The paper is organized as follows. In Sect. 2, we introduce our RT-model as a toy model, inspired by the cell cycle of CC. In Sect. 3, we first focus on the case of free cells for which we derive the conditions for stability of the system when spatial dependencies are neglected. In Sect. 4 we consider the spatial dependence built into the model and study the mean displacement (MD) and mean squared displacement (MSD) for a single cell in the process of duplicating, both showing a surprising \(t^3\) regime for short times. Allowing the cells to interact via both attraction and repulsion mechanisms, this antagonistic effect is found to lead to structure formation: we numerically find traveling wave solutions of the system density and quantify their occurrence in a non-equilibrium state diagram. Finally we discuss how the model performs with parameter values specific of CC. Section 5 concludes the paper with a discussion of the results of our model and a brief outlook on further work.

2 The model

Inspired by the reproductive behavior of Caulobacter crescentus we consider a one-dimensional toy model representing bacteria that can actively move rightward, leftward or settle down, and that when settled double in number. We note that CC performs a run-reverse-flick motion [30], where the bacterium first performs a forward motion, then reverses its direction of motion and in a third step makes a turn mediated by a buckling instability in its flagellum [31]. Since our setup is one dimensional, the run-reverse-flick motion is equivalent to a run and tumble motion.

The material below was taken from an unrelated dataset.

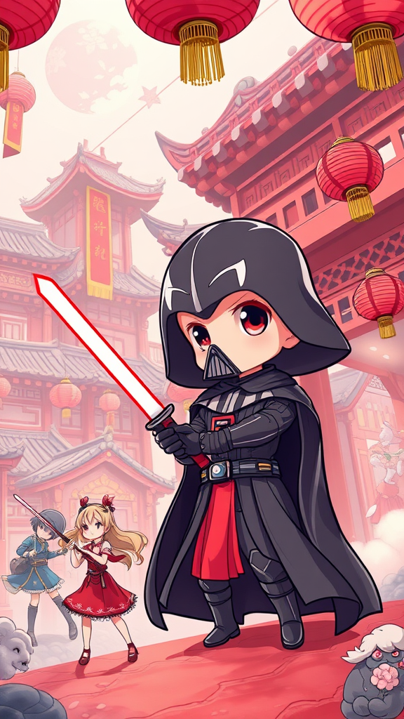 Chibi manga-inspired legend of Vader anime scene, infused with VH1 vibes, depicted in the ethereal style of Miho Hirano. Featuring dynamic, action-packed sequences reminiscent of Gaston Bussière, set against the vibrant backdrop of Chinese New Year festivities. Characters are charmingly illustrated in the distinctive manner of Ross Tran, with a color palette dominated by light red and bronze. The ambiance evokes a sense of wonder and lively energy, capturing the essence of playful adventure.

The ‘cell cycle’ of our three-state RT model motivated by CC is summarized in Fig. 1. We allow for three populations with the number densities \(\rho _+(x,t)\), \(\rho _-(x,t)\) and \(\rho _0(x,t)\), functions of space x and time t, respectively corresponding to right and left movers, and to the sedentary population. The ‘cell cycle’ step is given by the rate of settling down, \(\lambda _s\), which can occur from either moving state, and the cell doubling with rate \(\lambda _d\) with which a sedentary bacterium gives rise to a pair of right- and left-moving cells. The exchange of direction, i.e. the RT step, is denoted by \(\lambda _e\). Finally, \(\mu \) is the death rate, which we consider for motile cells only. In a proliferating system, this rate prevents exponential growth.

Fig. 1
figure 1

Graphical representation of the transition rates among different species. These transitions are motivated by the cell cycle of Caulobacter crescentus, that either moves actively or settles down to reproduce. Our model contains three different species: the cells moving to the right \(\rho _+\), those moving to the left \(\rho _-\) and the settled ones \(\rho _0\). The moving cells can either settle via the rate \(\lambda _s\), move in the opposite direction with \(\lambda _e\) or die with \(\mu \). Settled cells duplicate via \(\lambda _d\), and generate both a left- and a right-moving cell

This idealized CC-‘cell cycle’ is implemented in terms of evolution equations for the cell number densities. In the case where there is no death or proliferation, the number densities can also be interpreted as probability densities and the evolution equations correspond to Fokker–Planck equations.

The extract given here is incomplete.